– Ну и что? Все равно я хочу побыть с ним. И еще, Камилл, у тебя хранятся мои призовые деньги…
– Чуть больше тысячи сестерциев! Не волнуйся, я их отдам до последнего асса!
– Не надо. Оставь себе. Они вам здесь нужнее. Может быть, это будет та мелочь, которая поможет вам убраться отсюда! Должна же я хоть немного отплатить вам за то, что подобрали меня тогда в Мёзии.
– Ахилла…
– И не продавай, пожалуйста, Виндекса. Он чудесный конь. Может быть, кто-нибудь будет выступать на нем вместо меня…
И тут случилось немыслимое: ланиста – бог и отец своей фамилии – обнял рабыню словно дочь, с которой прощался навсегда.
– Не надо, – попросила, мягко вырываясь, Ахилла, – иначе мне будет трудно завтра уехать. А теперь прости, Камилл, я пойду.
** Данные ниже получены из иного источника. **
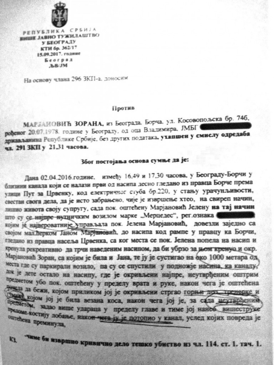 - Marjanović je sa suprugom i ćerkom bio na nasipu, a Jelena je nameravala da trči. Kad je krenula da se rekreira, ubrzo je za njom pošao i Zoran sa ćerkom. Sustigao ju je, ostavio dete samo, a onda najpre izbo suprugu po glavi i ruci, da bi je potom usmrtio udarcima po glavi, dok je ona pokušavala da se spase - navodi se u optužnici.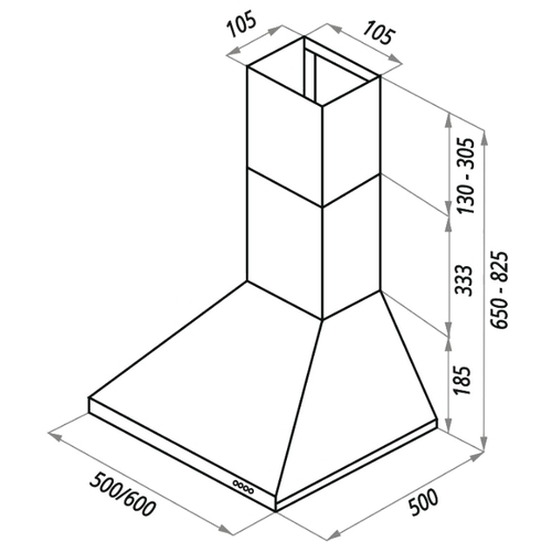 Установка - каминная пристенная; Размеры (ВхШхГ) - 82.50х60х50 см; Минимальная высота - 65 см; Ширина встраивания - 60 см; Диаметр патрубка воздуховода - 100 мм; Материал - корпус: металл; Потребляемая мощность - 118 Вт; Количество двигателей - 1; - ; Режимы работы - отвод / циркуляция; Максимальная производительность - 500 куб. м/ч; Количество скоростей - 3; Управление - электронное, кнопочное;

Тот отпустил девушку, погладив по растрепавшейся прическе, и она скользнула в комнату, где лежал при смерти ее любимый.
– Я прикажу собрать твои вещи, чтобы ты могла подольше побыть с ним! – крикнул ей вслед Камилл, но Ахилла уже закрыла за собой дверь.
Первые лучи солнца робко проникли в спальню, осветив мужчину и женщину, в изнеможении раскинувшихся на изжеванной простыне. Скользнув по светло-русым волосам дремлющей красавицы, они коснулись ресниц ее возлюбленного. Мужчина осторожно пошевелился, вытаскивая затекшую руку из-под женской головки.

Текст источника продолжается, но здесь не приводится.